── AVAILABLE DATA

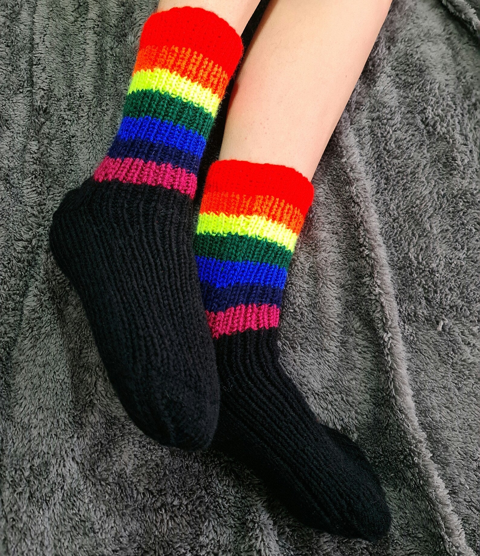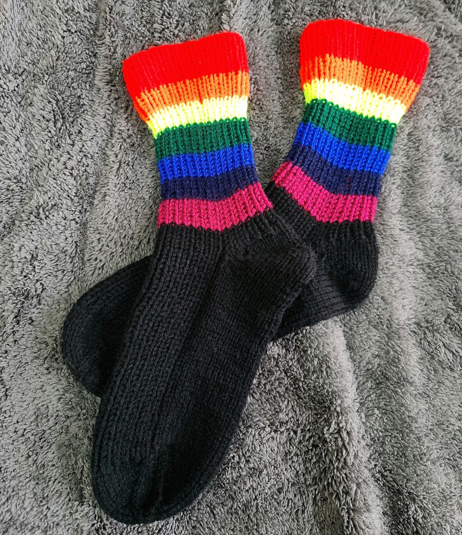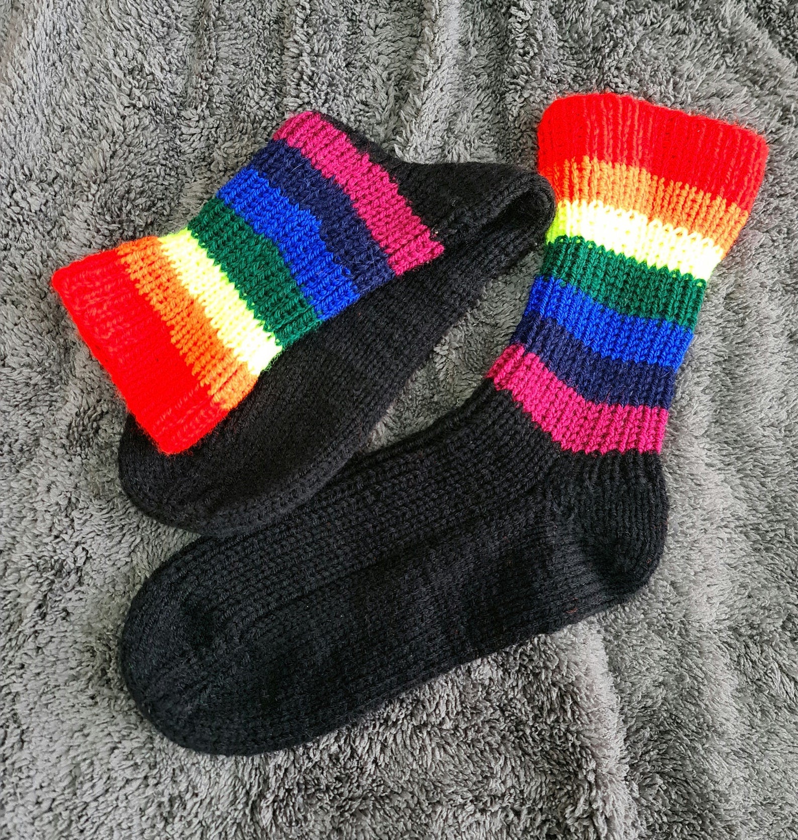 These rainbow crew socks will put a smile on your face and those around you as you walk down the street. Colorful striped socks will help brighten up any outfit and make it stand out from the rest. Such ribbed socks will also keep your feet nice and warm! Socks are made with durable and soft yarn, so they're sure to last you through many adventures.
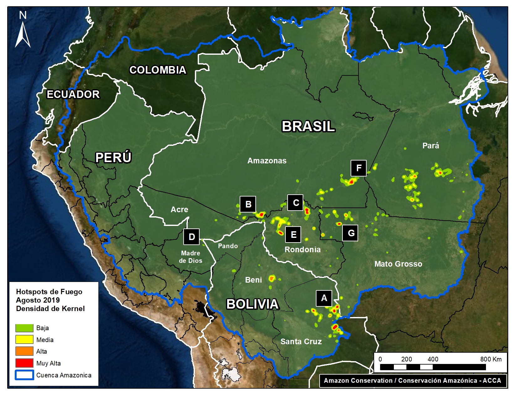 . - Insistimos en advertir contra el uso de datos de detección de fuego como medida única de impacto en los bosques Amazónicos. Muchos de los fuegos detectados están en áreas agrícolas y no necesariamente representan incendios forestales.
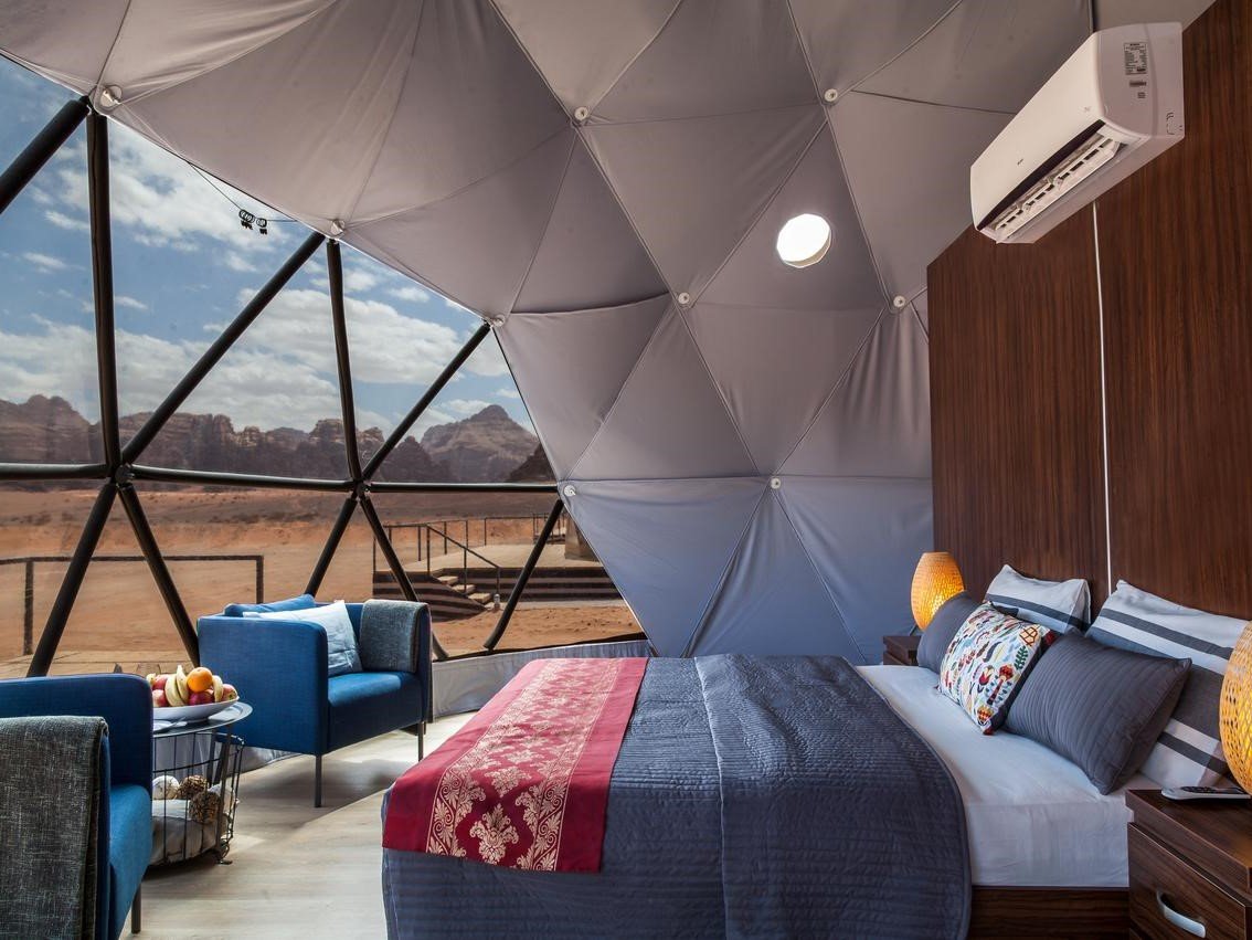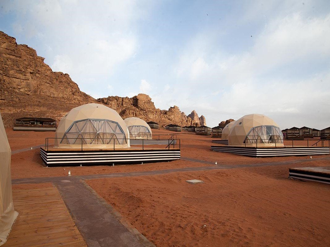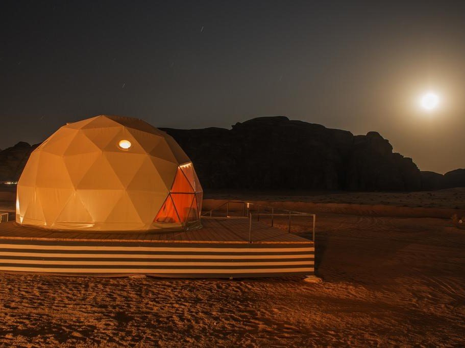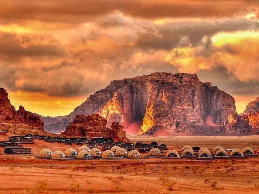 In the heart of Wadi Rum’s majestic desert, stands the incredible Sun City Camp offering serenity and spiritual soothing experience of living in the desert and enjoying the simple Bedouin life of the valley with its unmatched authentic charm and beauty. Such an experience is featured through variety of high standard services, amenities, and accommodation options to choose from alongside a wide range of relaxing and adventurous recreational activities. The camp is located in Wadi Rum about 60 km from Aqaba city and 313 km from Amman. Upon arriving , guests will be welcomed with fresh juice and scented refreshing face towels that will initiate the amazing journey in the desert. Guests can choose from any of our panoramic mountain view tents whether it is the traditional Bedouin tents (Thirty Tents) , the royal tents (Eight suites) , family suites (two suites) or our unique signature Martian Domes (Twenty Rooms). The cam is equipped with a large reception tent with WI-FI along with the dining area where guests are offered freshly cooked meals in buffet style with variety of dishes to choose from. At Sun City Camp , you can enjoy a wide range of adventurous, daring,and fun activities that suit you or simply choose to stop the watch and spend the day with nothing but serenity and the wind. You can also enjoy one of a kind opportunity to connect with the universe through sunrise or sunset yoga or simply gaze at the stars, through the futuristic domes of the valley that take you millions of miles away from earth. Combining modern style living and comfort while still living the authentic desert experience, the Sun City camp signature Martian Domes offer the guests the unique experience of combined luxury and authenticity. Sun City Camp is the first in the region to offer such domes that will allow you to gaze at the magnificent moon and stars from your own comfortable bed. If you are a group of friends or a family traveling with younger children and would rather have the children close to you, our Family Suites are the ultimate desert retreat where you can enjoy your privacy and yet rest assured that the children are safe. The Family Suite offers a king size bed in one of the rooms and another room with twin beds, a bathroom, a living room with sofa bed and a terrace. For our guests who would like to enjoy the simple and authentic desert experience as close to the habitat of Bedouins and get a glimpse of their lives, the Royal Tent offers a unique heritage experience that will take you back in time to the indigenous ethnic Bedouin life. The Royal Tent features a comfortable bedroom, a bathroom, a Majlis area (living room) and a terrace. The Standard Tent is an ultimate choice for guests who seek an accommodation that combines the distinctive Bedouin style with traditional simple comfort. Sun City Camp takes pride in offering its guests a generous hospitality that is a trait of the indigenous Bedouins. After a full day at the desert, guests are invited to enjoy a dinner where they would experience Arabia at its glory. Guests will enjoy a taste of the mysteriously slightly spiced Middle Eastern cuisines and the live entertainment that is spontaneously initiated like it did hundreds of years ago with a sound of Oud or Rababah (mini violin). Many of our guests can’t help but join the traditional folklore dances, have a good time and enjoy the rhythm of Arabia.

────
── AVAILABLE DATA

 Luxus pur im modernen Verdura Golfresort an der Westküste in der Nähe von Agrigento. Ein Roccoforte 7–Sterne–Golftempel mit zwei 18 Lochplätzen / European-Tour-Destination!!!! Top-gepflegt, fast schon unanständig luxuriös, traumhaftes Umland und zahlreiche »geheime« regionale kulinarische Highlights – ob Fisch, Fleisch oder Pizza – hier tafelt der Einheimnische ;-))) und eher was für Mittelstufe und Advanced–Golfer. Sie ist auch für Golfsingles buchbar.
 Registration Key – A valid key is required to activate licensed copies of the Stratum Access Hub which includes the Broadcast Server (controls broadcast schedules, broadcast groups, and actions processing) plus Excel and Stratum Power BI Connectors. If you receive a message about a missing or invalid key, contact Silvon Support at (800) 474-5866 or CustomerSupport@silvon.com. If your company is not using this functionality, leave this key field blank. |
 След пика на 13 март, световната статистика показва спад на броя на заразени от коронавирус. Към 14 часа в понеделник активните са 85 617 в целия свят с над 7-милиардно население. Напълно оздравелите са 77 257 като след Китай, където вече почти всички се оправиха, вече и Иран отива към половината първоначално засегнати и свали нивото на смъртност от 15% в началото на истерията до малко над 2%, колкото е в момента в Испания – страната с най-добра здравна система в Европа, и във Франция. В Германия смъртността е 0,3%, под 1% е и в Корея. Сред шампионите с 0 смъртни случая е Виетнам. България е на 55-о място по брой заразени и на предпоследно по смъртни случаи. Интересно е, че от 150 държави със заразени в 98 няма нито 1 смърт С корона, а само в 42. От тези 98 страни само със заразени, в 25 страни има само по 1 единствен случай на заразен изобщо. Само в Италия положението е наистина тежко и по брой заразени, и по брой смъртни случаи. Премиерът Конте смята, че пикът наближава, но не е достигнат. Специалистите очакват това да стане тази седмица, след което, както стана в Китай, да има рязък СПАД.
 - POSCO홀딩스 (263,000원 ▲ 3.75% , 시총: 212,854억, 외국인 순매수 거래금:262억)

────

> TASK GOAL:
Everything from the line with "След пика на" through the line with "- POSCO홀딩스 (263,000원" in the listing above must be retyped exactly, with nothing added.

> YOUR RESPONSE:
 След пика на 13 март, световната статистика показва спад на броя на заразени от коронавирус. Към 14 часа в понеделник активните са 85 617 в целия свят с над 7-милиардно население. Напълно оздравелите са 77 257 като след Китай, където вече почти всички се оправиха, вече и Иран отива към половината първоначално засегнати и свали нивото на смъртност от 15% в началото на истерията до малко над 2%, колкото е в момента в Испания – страната с най-добра здравна система в Европа, и във Франция. В Германия смъртността е 0,3%, под 1% е и в Корея. Сред шампионите с 0 смъртни случая е Виетнам. България е на 55-о място по брой заразени и на предпоследно по смъртни случаи. Интересно е, че от 150 държави със заразени в 98 няма нито 1 смърт С корона, а само в 42. От тези 98 страни само със заразени, в 25 страни има само по 1 единствен случай на заразен изобщо. Само в Италия положението е наистина тежко и по брой заразени, и по брой смъртни случаи. Премиерът Конте смята, че пикът наближава, но не е достигнат. Специалистите очакват това да стане тази седмица, след което, както стана в Китай, да има рязък СПАД.
 - POSCO홀딩스 (263,000원 ▲ 3.75% , 시총: 212,854억, 외국인 순매수 거래금:262억)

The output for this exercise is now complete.